Without official reports, we have to rely on an analysis of public data that very likely undercounts the number of students who get scanned every day.
Using the Student Safety Act quarterly reports from 2016 to 2022, which capture information on NYPD activity in City schools, we compiled:
- A list of each school.
- The number of times there was significant contact between an office and a public school student
- Whether at the time of the incidents, there were metal detectors or some form of electronic scanning at the school.
Our analysis shows that nearly 200,000 students have attended schools with scanning since 2016 — putting them at risk for harassment, invasive searches, and fraught interactions with the police. This surely captures only a fraction of the impact of metal detectors in City schools.
According to our analysis, in schools that had scanning, students of color made up 88 percent of total enrollment:
- 28 percent Black
- 41 percent Latinx
- 16 percent Asian
- 12 percent white
Our analysis showed that schools with scanning have more Black students and fewer white students than schools in our analysis that did not have evidence of scanning.

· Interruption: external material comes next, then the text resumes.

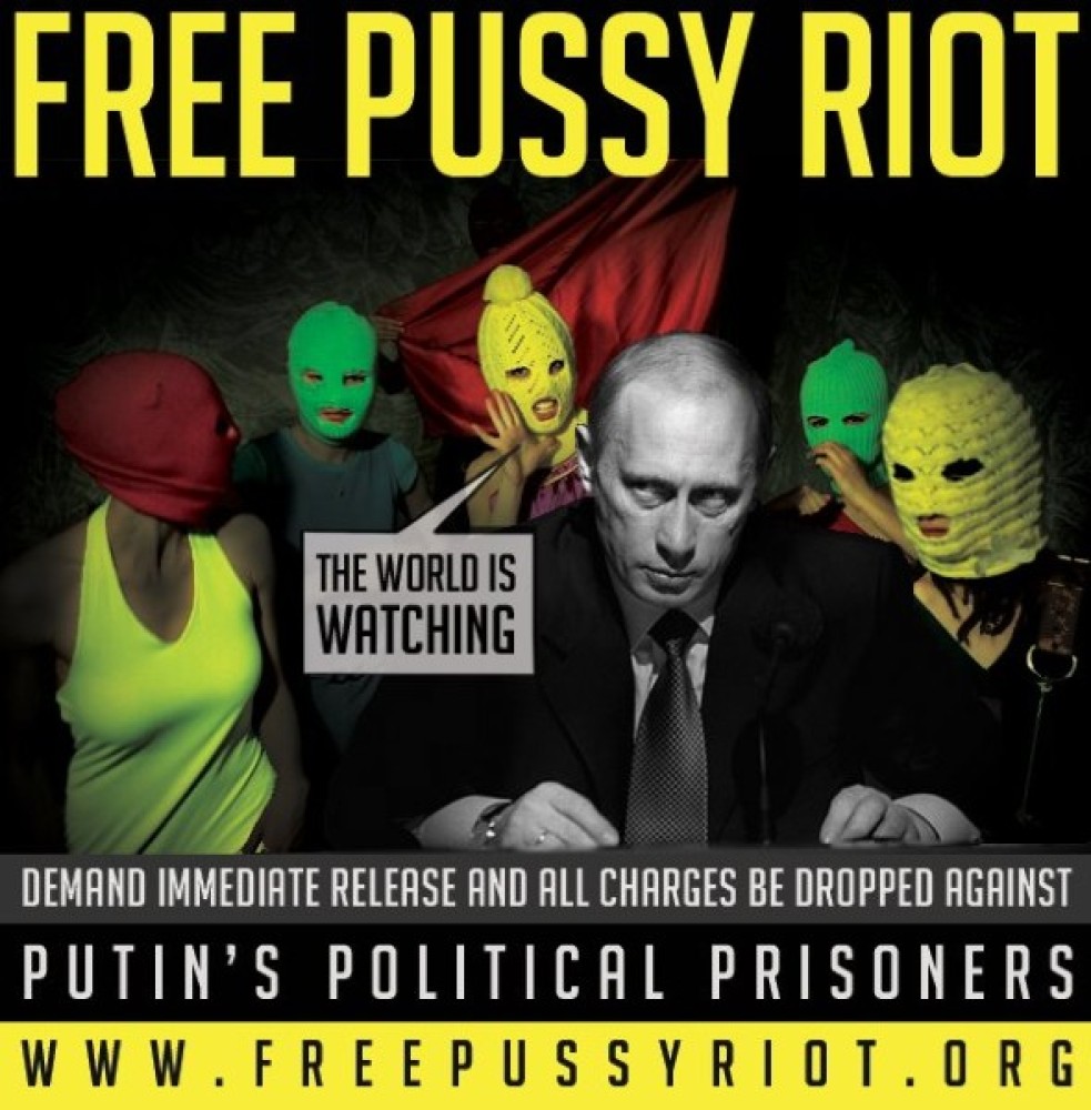 To Facebook έγινε τόπος…καταγγελιών για τον Vladimir Poutin. Οι θαυμαστές του συγκροτήματος Pussy Riot, στέλνουν το δικό τους μήνυμα στον Ρώσο Πρόεδρο. Δεν μπορούν να αντέξουν ότι το αγαπημένο τους συγκρότημα είναι πίσω από της φυλακής τα σίδερα…Δείτε πώς “την λένε” στον Vladimir Poutin.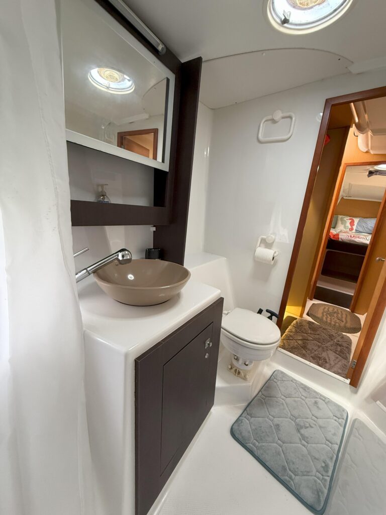 The cabins have been positioned to optimize privacy and peace, with queen size aft beds and large port holes that provide beautiful natural light though out. The bathroom is extraordinarily large and appointed with sleek designer fixtures, separate shower with excellent splash protection and an easily accessible toilet.

Previous analyses have found similar racial disparities. A 2015 investigation by WNYC found that Black and Latinx high school students were nearly three times more likely to attend a scanning school than white high school students
There’s also evidence that the stated reasons the NYPD implements metal detectors in some schools and not in others is mysterious, completely nonsensical, or racially-biased. For example, the Bayard Rustin Educational Campus (BREC) in Manhattan’s Chelsea neighborhood serves mostly students of color and is home to multiple schools for over-age and under-credited students. BREC students have been repeatedly subjected to unannounced metal-detector screening.
In 2018, principals and students on the campus were informed by police that the metal detectors were necessary because of reports of crime in the neighborhood. But, the NYC Lab School for Collaborative Studies across the street – which has a predominantly white student body – has not had repeated metal-detector scanning.
Metal detectors can’t create safe schools.
By hiding the full extent of metal detector use, the NYPD and the union that represents school police are able to cherry-pick details to feed the public and the tabloid press. That information is usually designed to fit a narrative that City schools are dangerous, full of weapons, and that only metal detectors and police officers can keep students safe. These reports often include the number of “weapons” seized by school police, but for years students have told us those figures include everyday metal items like deodorant cans, key rings, and forks. The NYPD refuses to tell us exactly what’s being confiscated, allowing them to seize students’ belongings with no oversight.
With the real impact of metal detectors held under lock-and-key and the public only exposed to the narratives the NYPD wants to push, the City feels little pressure to curb the use of metal detectors. Officials have even experimented with other, even less-proven technology.
In March, Mayor Eric Adams promoted a new scanning technology made by Evolv Technologies which “passively” scans students as they enter their school. But this technology has regularly misidentified Chromebook computers as guns, putting students in danger of experiencing totally unnecessary confrontations with police that could easily escalate.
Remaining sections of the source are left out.